We can't just `movq`, because the kernel doesn't support relocatable code - everything is loaded at a fixed
address in a process' address space. Because of this, we have to address everything relatively to `%rip` 
(the instruction pointer). We're essentially writing position independent code (PIC) by hand. This is what
the `-fPIC` GCC flag does, BTW.

== Getting into C and some bits of `ulib`

Now that we've gone overm how to write some (very) basic programs in assembly, let's try to untangle, how we get
into C code and understand some portions of `ulib` - the userspace programming library.

This code snippet should be understandable by now:
._start.S
[source,asm]
----
.extern _premain

.global _start
_start:
  call _premain
----

Here `_premain()` is a C startup function that gets executed before running `main()`. `_premain()` is also
responsible for quitting the application.

._premain.c
[source,c]
----
// Headers skipped.

extern void main(void);
extern uint8_t _bss_start[];
extern uint8_t _bss_end[];

void clearbss(void) {
  uint8_t *p = _bss_start;
  while (p < _bss_end) {
    *p++ = 0;
  }
}

#define MAX_ARGS 25
static char *_args[MAX_ARGS];

size_t _argslen;

char **args(void) {
  return (char **)_args;
}

size_t argslen(void) {
  return _argslen;
}

// ulib initialization goes here
void _premain(void) {
  clearbss();

  for (size_t i = 0; i < ARRLEN(_args); i++) {
    _args[i] = umalloc(PROC_ARG_MAX);
  }

  proc_argv(-1, &_argslen, _args, MAX_ARGS);

  main();
  proc_kill(proc_getpid());
}
----

First, in order to load our C application without UB from the get go, we need to clear the `BSS` section of an
ELF file (which MOP2 uses as it's executable format).

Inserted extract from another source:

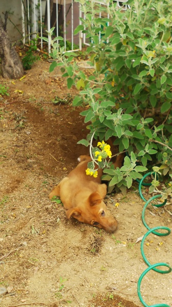 穴掘りが大好きです。特にハーブとモミノキの下がお気に入りで、とうとうディルとセイジはお亡くなりになりました。根っこを掘っては葉っぱを噛み千切り、涼しい穴の中でたっぷり泥遊びをします。こうなると、テンションが上がっているので、呼んでも全速力で逃げ回ります。お風呂に入れるのは2人がかりです。

We use `_bss_start` and `_bss_end` symbols for that, which
come from a linker script defined for user apps:

.link.ld - linker script for user apps
[source]
----
ENTRY(_start)

SECTIONS {
  . = 0x400000;

  .text ALIGN(4K):
  {
    *(.text .text*)
  }
  
  .rodata (READONLY): ALIGN(4K)
  {
    *(.rodata .rodata*)
  }

  .data ALIGN(4K):
  {
    *(.data .data*)
  }

  .bss ALIGN(4K):
  {
    _bss_start = .;
    *(.bss .bss*)
    . = ALIGN(4K);
    _bss_end = .;
  }
}
----

After that, we need to collect our application's commandline arguments (like argc and argv in UNIX-derived
systems). To do that we use a `proc_argv()` syscall, which fills out a preallocated memory buffer with. The main
limitation of this approach is that the caller must ensure that enough space withing the buffer was allocated.
25 arguments is enough for pretty much all appliations on this system, but this is something that may be a little
problematic in the future.

After we've exited from `main()`, we just gracefully exit the application.